Not all components, features, structures, characteristics, etc. described and illustrated herein need be included in a particular aspect or aspects. If the specification states a component, feature, structure, or characteristic “may”, “might”, “can” or “could” be included, for example, that particular component, feature, structure, or characteristic is not required to be included. If the specification or claim refers to “a” or “an” element, that does not mean there is only one of the element. If the specification or claims refer to “an additional” element, that does not preclude there being more than one of the additional element.
It is to be noted that, although some aspects have been described in reference to particular implementations, other implementations are possible according to some aspects. Additionally, the arrangement and/or order of circuit elements or other features illustrated in the drawings and/or described herein need not be arranged in the particular way illustrated and described. Many other arrangements are possible according to some aspects.
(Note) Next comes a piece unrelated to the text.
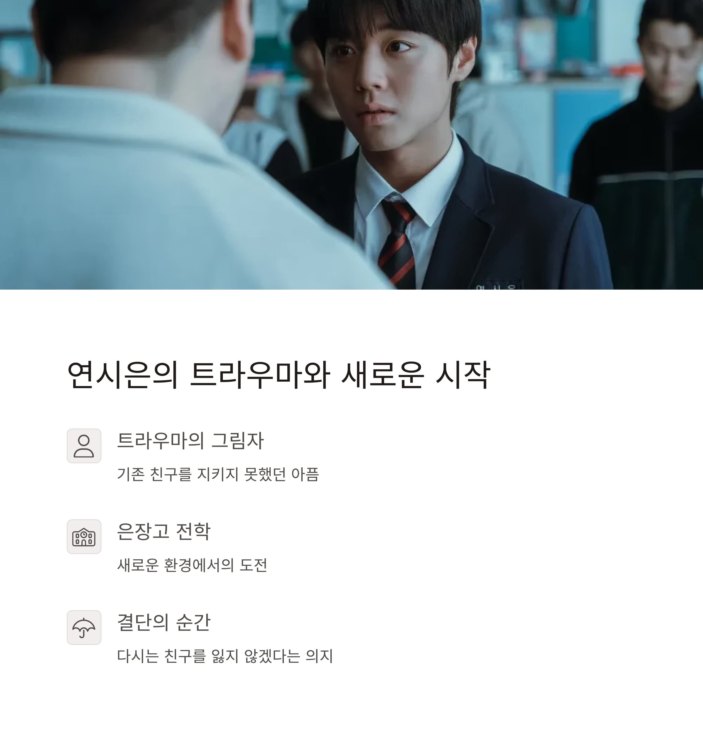 연시은의 전학은 단순한 설정을 넘어, 시즌2 전체를 관통하는 감정선의 출발점이 됩니다.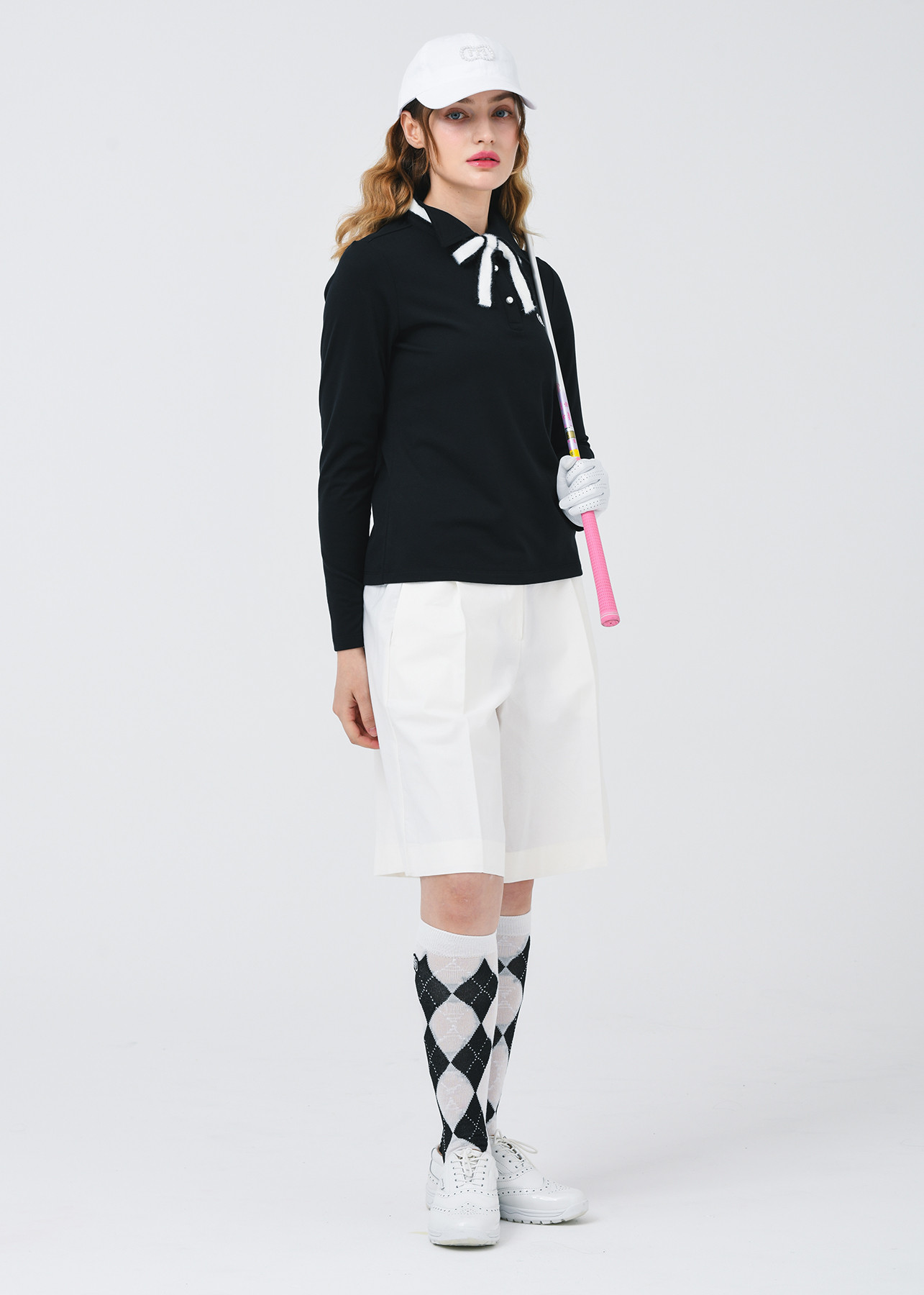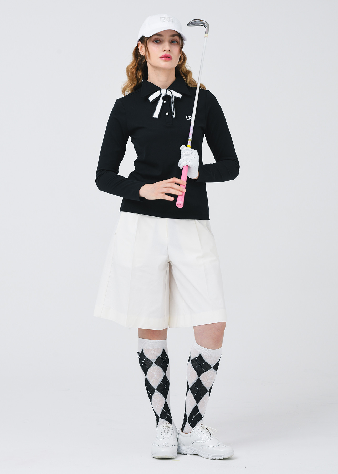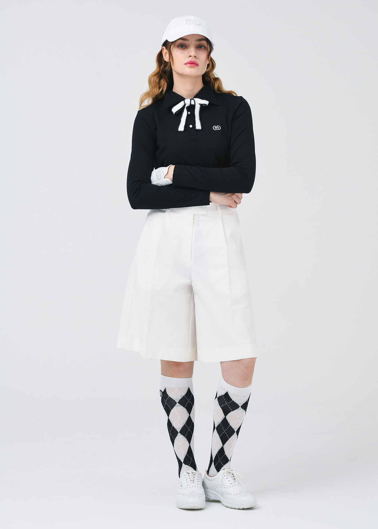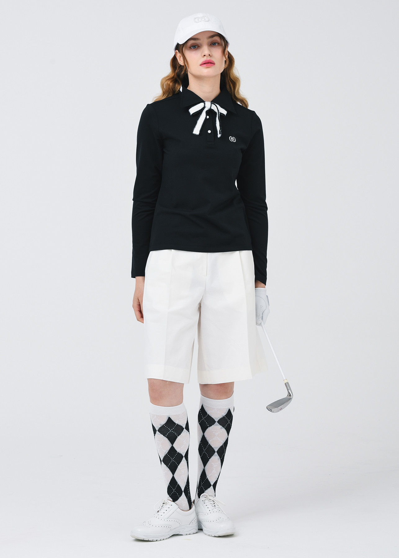 탈부착이 가능한 리본 타이 장식으로 페미닌한 룩을 연출할 수 있습니다.

In each system shown in a figure, the elements in some cases may each have a same reference number or a different reference number to suggest that the elements represented could be different and/or similar. However, an element may be flexible enough to have different implementations and work with some or all of the systems shown or described herein. The various elements shown in the figures may be the same or different. Which one is referred to as a first element and which is called a second element is arbitrary.
It is to be understood that specifics in the aforementioned examples may be used anywhere in one or more aspects. For instance, all optional features of the computing device described above may also be implemented with respect to either of the methods or the computer-readable medium described herein. Furthermore, although flow diagrams and/or state diagrams may have been used herein to describe aspects, the techniques are not limited to those diagrams or to corresponding descriptions herein. For example, flow need not move through each illustrated box or state or in exactly the same order as illustrated and described herein.
The techniques described herein are not restricted to the particular details listed. Indeed, those skilled in the art having the benefit of this disclosure will appreciate that many other variations from the foregoing description and drawings may be made within the scope of the techniques described herein. Accordingly, it is the following claims including any amendments thereto that define the scope of the techniques described herein.